# WORK TO BE COMPLETED:
Please repeat only the lines below starting at the line that holds "2、一般要设置的内容由学段,年级,学科,版本,单元章节等" and ending at the line that holds "Рис. 5. Объемное", exactly, with both of those lines included and every picture omitted.
---------- MATERIAL FOR THIS TASK
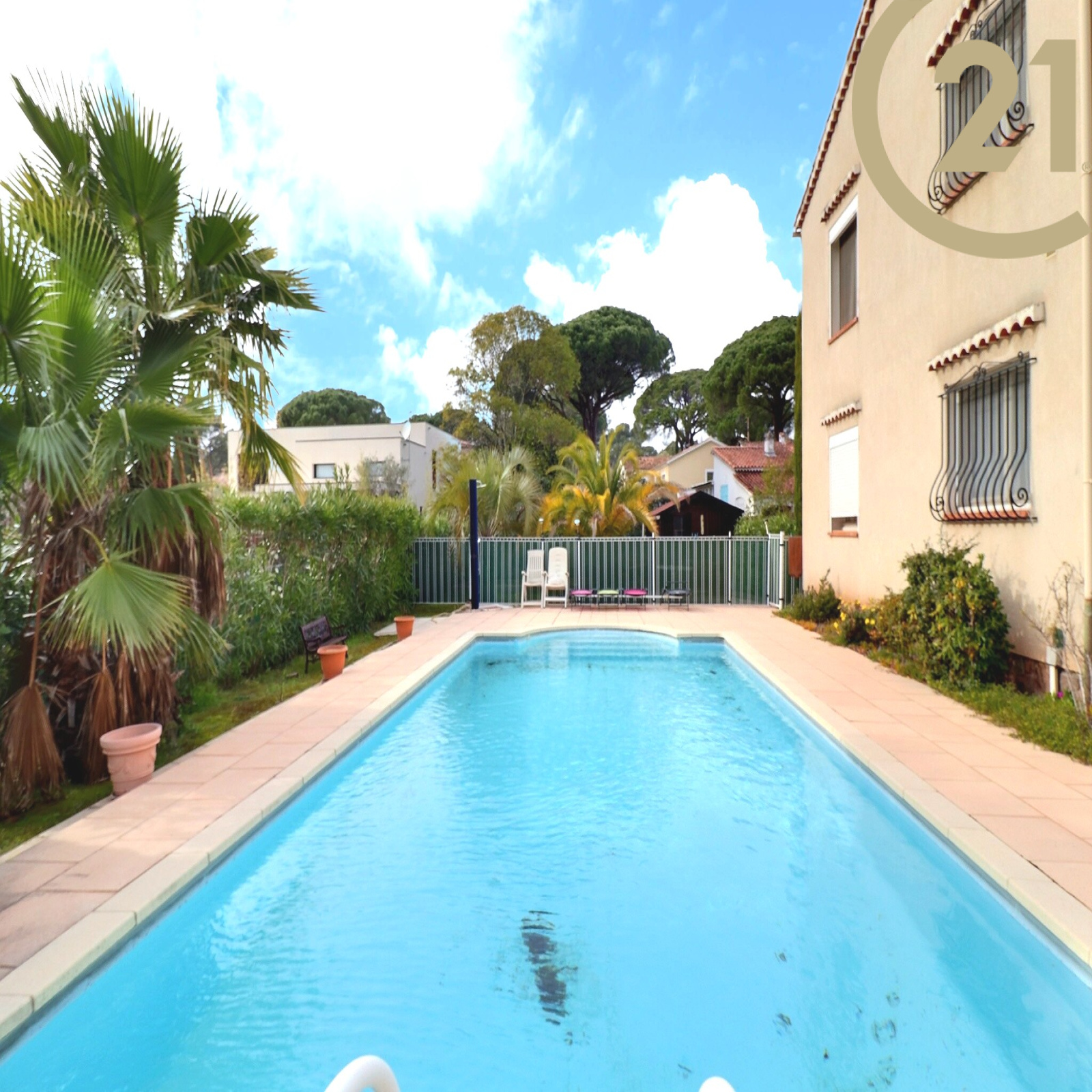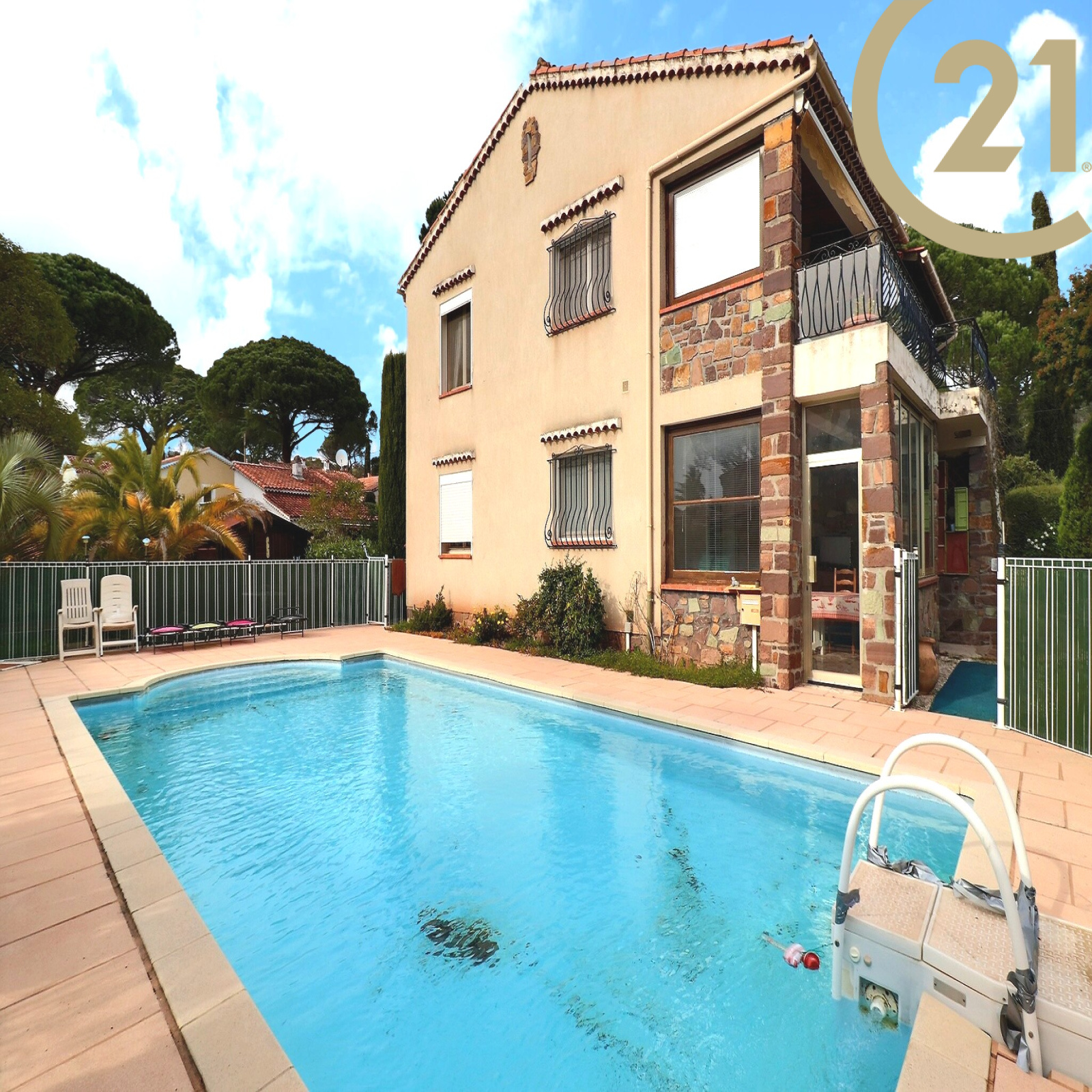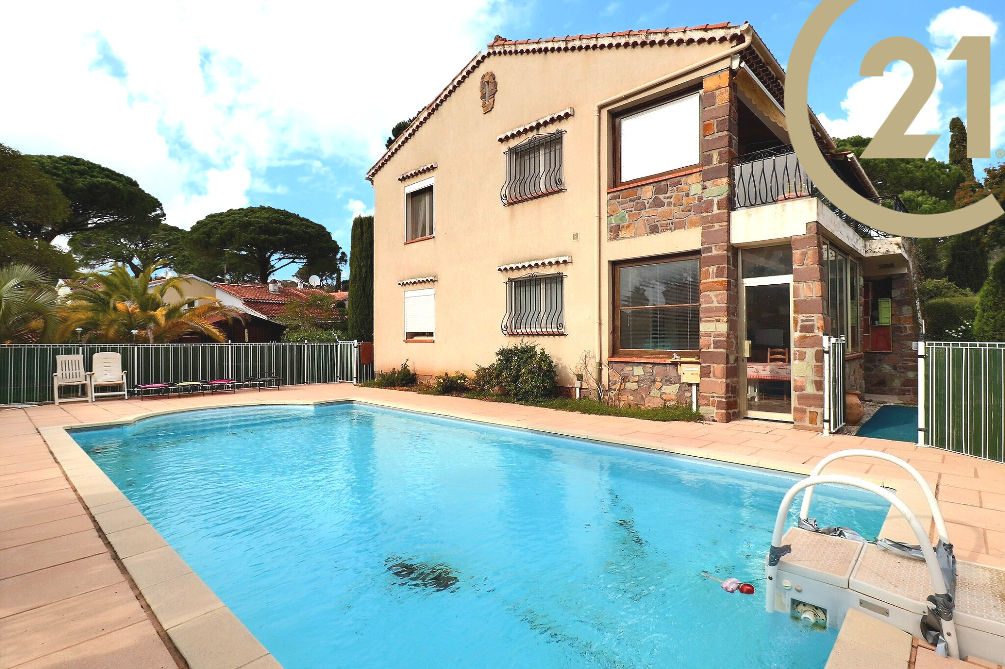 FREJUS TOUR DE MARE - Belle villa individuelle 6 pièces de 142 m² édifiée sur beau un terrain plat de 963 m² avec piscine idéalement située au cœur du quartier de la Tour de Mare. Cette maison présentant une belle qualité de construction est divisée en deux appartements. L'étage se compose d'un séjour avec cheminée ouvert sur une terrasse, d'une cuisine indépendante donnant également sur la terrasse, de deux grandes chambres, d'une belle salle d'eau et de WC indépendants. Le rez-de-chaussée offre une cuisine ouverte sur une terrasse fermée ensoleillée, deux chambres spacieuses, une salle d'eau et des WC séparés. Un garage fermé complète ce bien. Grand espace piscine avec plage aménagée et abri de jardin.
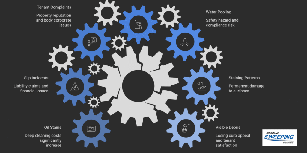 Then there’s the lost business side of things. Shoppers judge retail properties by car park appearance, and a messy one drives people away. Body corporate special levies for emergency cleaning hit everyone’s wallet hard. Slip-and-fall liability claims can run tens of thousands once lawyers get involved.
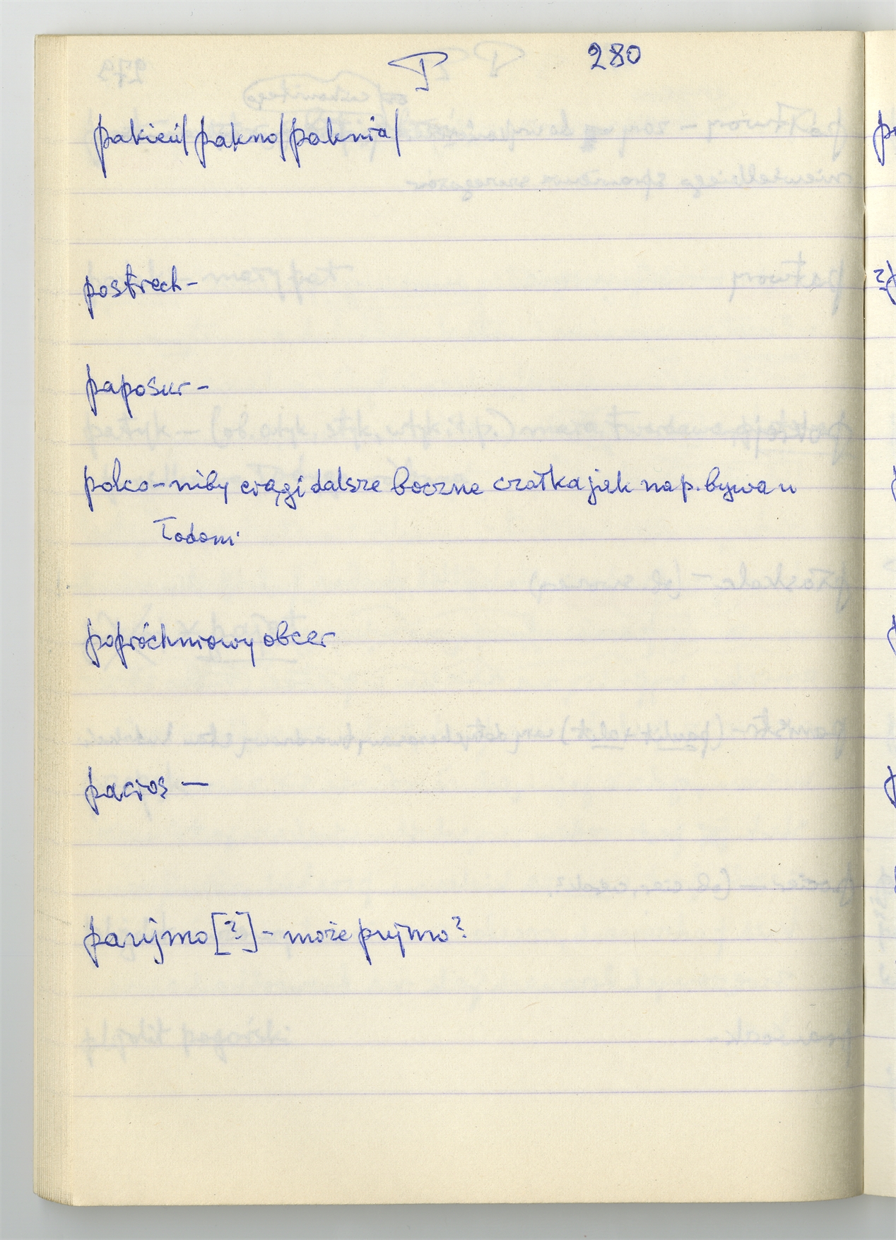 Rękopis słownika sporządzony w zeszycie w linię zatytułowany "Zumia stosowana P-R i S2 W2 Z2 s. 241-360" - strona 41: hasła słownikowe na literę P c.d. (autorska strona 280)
--------------------
---------- MATERIAL FOR THIS TASK
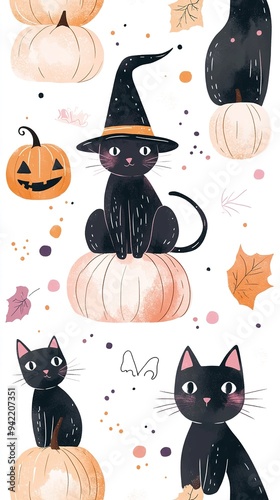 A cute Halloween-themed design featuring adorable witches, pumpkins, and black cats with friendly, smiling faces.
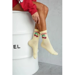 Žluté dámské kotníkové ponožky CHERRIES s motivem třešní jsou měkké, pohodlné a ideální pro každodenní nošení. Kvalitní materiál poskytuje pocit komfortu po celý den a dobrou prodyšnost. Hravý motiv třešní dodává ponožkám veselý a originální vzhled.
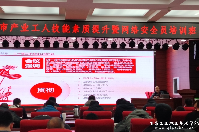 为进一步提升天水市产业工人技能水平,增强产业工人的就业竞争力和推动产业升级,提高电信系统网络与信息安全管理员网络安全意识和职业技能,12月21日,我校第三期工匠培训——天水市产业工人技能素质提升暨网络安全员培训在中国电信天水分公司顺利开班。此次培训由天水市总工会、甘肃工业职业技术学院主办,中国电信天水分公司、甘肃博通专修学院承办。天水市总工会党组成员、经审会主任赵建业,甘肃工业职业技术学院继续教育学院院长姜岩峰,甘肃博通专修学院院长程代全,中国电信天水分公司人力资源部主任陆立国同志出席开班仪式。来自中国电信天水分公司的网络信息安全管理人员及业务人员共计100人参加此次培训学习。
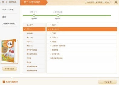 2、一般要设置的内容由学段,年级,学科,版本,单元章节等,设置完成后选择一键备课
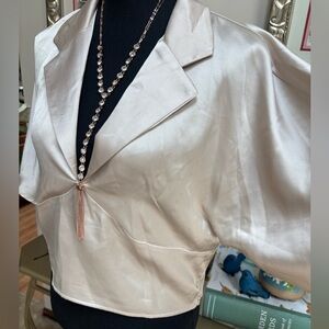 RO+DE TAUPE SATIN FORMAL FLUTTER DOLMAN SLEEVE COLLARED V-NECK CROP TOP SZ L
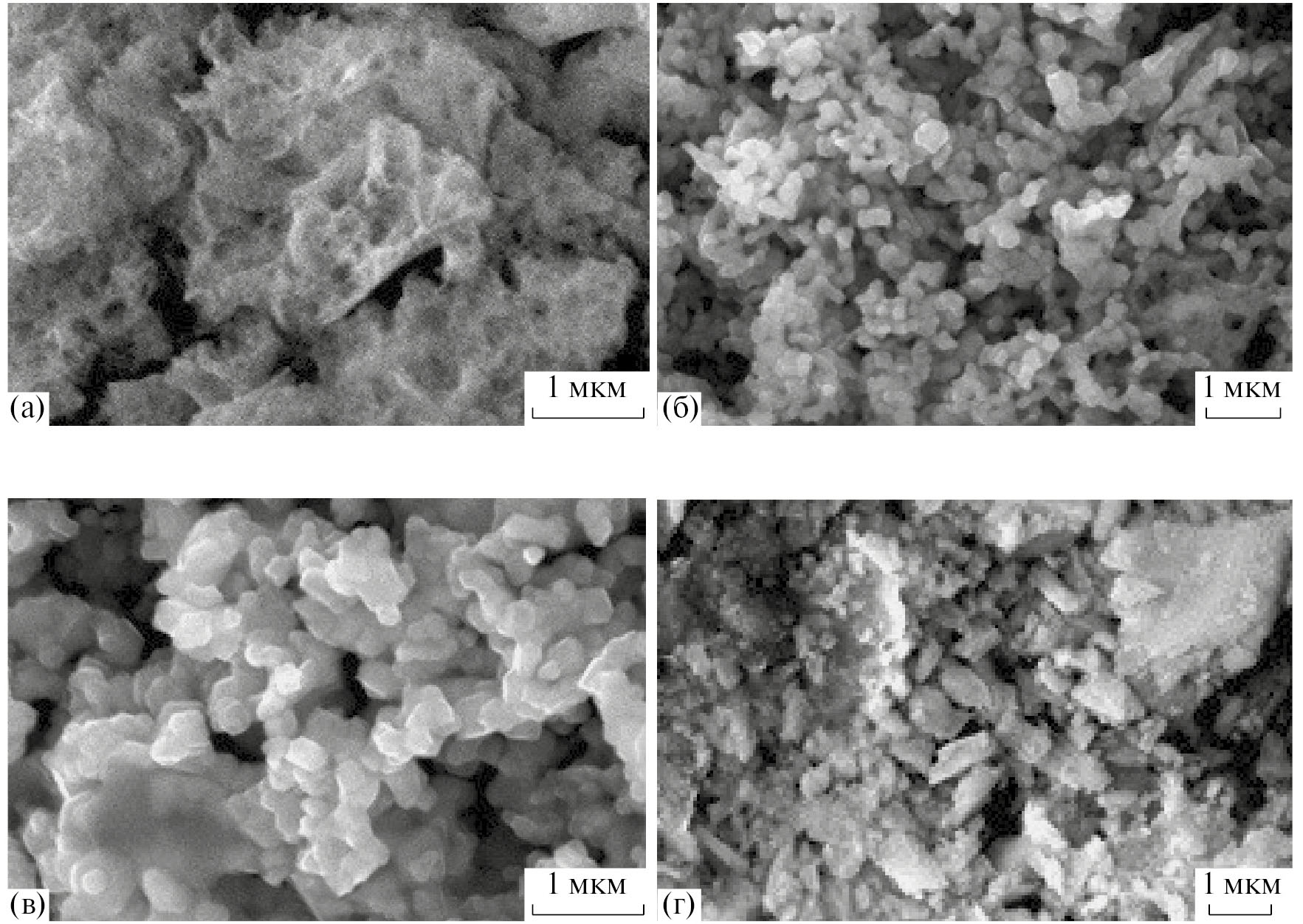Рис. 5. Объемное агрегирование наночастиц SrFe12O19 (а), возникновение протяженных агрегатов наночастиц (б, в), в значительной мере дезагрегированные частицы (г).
--------------------
# EXPECTED ANSWER:
 2、一般要设置的内容由学段,年级,学科,版本,单元章节等,设置完成后选择一键备课
 RO+DE TAUPE SATIN FORMAL FLUTTER DOLMAN SLEEVE COLLARED V-NECK CROP TOP SZ L
Рис. 5. Объемное агрегирование наночастиц SrFe12O19 (а), возникновение протяженных агрегатов наночастиц (б, в), в значительной мере дезагрегированные частицы (г).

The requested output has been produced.